Hal serupa disampaikan oleh @Reniyanti, yang justru menyoroti ketimpangan antara kewajiban warga dan kinerja petugas.
“Saya tidak gratis, bayar tiap bulan Rp50 ribu dalam lorong. Tapi sampahnya tidak diambil tiap hari, malah bisa sampai satu minggu baru datang tukang sampah,” keluh warganet.
Akun lain, @faizah syafania, menyinggung adanya penurunan semangat kerja petugas meski warga tetap membayar.

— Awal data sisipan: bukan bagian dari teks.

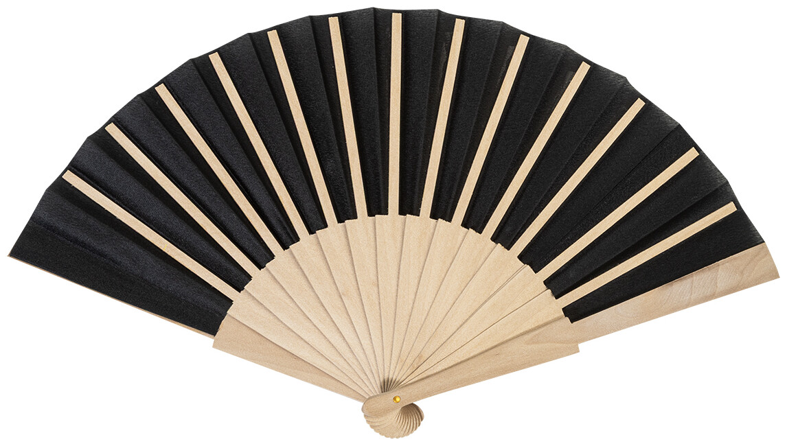 Vějíř z RPET polyesteru s dřevěnými žebry.
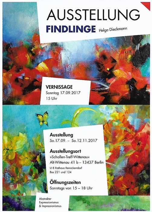 Am Sonntag, dem 17. September 2017, findet ab 15:00 Uhr im Schollen-Treff-Wittenau die Vernissage der nächsten Kunstausstellung "Findlinge" von Helga Dieckmann statt.
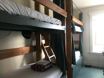 カーテンあるのでプライバシーあり。シャワーもフロアーが全部使っていたらほかのフロアー行けば待たずに使えました。朝食もセルフで卵焼けたり、シリアル、食パン、ベーグルなどと食べ放題でした。ホステルの真ん前がスタバ1号店で立地もばっちりです。- 旅行時期
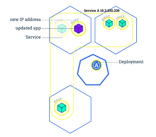 Kubernetes deployments ensure that only a certain number of pods are down while they are being updated. It does this by creating a new pod and destroying the old ones after it has completed.
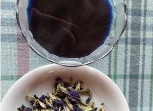 用料 :蝶豆花适量,面粉若干,水,酵母,白糖适量。
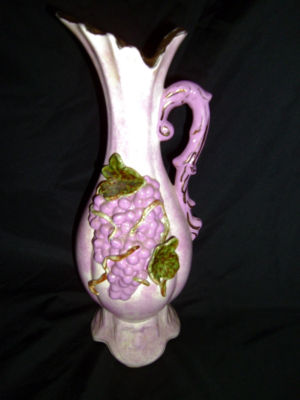 Title (ebay affiliate link): VINTAGE PITCHER PORCELAIN-CERAMIC POTTERY VASE GRAPES IN 3D GOLD TRIM 14.5" OLD
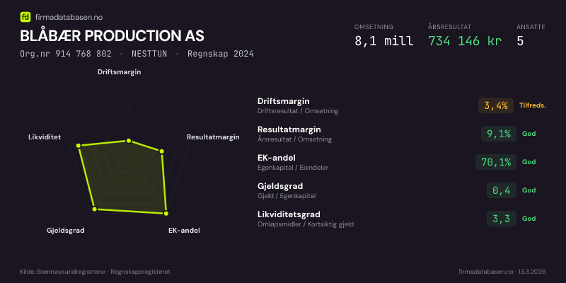 BLÅBÆR PRODUCTION AS,NESTTUN — jo større areal, jo sterkere økonomi.Org.nr 914 768 802 · Regnskap2024
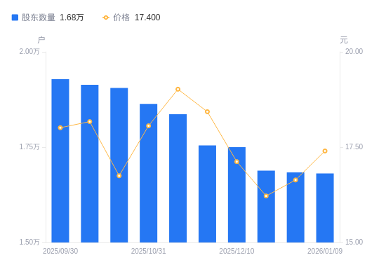 日期A股户数(户)流通A股户均持股数(股)户均持股市值(万元)2026-01-091681012519.4821.782025-12-311683612500.1420.802025-12-201688512463.8720.222025-12-101750012025.8520.592025-11-201754611994.3222.112025-11-101836611458.8021.792025-10-311863711292.1820.392025-10-201905211046.2118.502025-10-101913610997.7219.982025-09-301928210914.4519.66
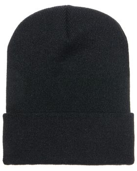 YUPOONG - BLACK-12" Knit Fold-Over Non-Fleece Winter Hat
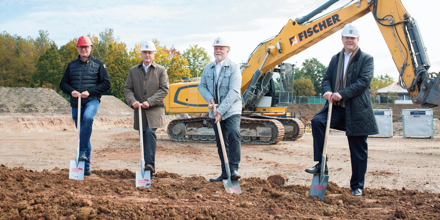 Die Bauarbeiten am neuen Nahversorgungszentrum in der Waldbronner Talstraße haben offiziell begonnen. Den symbolischen ersten Spatenstich erledigten Bürgermeister Franz Masino sowie Vertreter der Werner Wohnbau GmbH und ALDI SÜD gemeinsam.
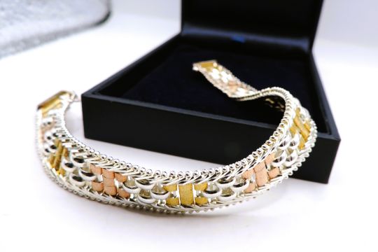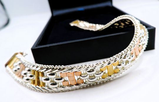 The bracelet is 7.5 inches long (19cm) and 1.4cm wide and weight 19grams. Stamped Milor Italy and 925.
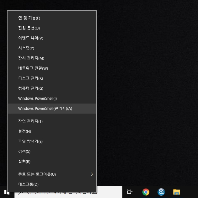 여기서 Windows PowerShell(관리자)를 클릭해줍니다.
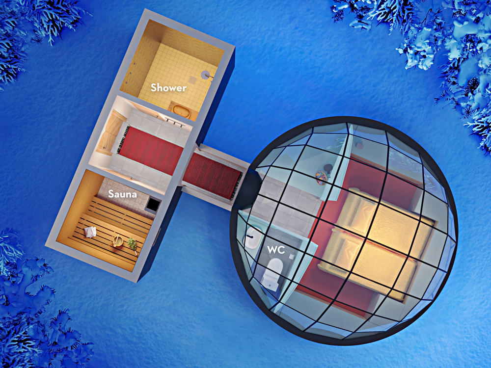 - ガラスイグルーのお部屋レイアウトはこちらをご確認ください。暖炉付きの広々としたプレミアム・ガラスイグルーへアップグレードもオプションより可能です。

“Waktu dibayar saja malas mi datang ambil sampah. Apalagi sekarang tidak dibayar. Sudah dua minggu tidak diambil,” terang faizah.
Kondisi ini menimbulkan rasa frustrasi di tengah masyarakat. Warga merasa telah membayar kewajibannya, tetapi tidak mendapat layanan dasar sebagaimana mestinya. Bahkan ketika iuran dianggap kecil, seperti diutarakan oleh @Lily, kualitas layanan tetap tidak memadai.
“20 ribu per bulan sebenarnya tidak berat dibanding gratis tapi malas-mi datang ambil. Bau sampah masuk ke hidung, ke paru-paru. Tidak sehat.”